Records from a collection
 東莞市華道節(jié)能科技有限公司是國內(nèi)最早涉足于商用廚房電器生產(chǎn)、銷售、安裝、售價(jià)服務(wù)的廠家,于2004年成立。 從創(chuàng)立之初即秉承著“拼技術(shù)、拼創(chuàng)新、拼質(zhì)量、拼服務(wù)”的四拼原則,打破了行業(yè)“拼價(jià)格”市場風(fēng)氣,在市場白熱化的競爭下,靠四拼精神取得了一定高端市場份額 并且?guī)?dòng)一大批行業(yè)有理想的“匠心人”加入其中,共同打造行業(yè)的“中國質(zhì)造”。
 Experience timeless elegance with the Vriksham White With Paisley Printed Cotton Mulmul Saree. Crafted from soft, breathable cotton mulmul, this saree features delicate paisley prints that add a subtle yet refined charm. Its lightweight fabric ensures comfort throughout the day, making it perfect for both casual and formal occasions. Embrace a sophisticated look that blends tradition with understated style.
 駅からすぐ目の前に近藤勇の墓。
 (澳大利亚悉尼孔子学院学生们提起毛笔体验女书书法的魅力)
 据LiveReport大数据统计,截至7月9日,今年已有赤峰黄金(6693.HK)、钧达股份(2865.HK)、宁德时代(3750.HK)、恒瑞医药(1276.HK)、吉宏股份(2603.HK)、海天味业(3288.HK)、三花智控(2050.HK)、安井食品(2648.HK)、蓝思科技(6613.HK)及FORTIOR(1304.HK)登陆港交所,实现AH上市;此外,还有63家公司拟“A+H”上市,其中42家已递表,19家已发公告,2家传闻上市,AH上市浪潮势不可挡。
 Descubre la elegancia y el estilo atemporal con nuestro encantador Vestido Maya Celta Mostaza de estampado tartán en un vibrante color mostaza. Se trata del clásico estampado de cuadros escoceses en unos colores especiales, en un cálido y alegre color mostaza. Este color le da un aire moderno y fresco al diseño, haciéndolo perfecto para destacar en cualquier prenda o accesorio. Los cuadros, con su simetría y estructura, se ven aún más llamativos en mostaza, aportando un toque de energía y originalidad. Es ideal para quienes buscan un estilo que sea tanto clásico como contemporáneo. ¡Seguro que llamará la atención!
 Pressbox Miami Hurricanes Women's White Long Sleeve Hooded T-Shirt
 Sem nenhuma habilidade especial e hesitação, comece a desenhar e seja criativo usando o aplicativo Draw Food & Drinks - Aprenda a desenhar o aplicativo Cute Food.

▶ _Problem requirements_:
Starting from the records above, copy each line where the string "White" is found.

▶ _Solution below_:
 Experience timeless elegance with the Vriksham White With Paisley Printed Cotton Mulmul Saree. Crafted from soft, breathable cotton mulmul, this saree features delicate paisley prints that add a subtle yet refined charm. Its lightweight fabric ensures comfort throughout the day, making it perfect for both casual and formal occasions. Embrace a sophisticated look that blends tradition with understated style.
 Pressbox Miami Hurricanes Women's White Long Sleeve Hooded T-Shirt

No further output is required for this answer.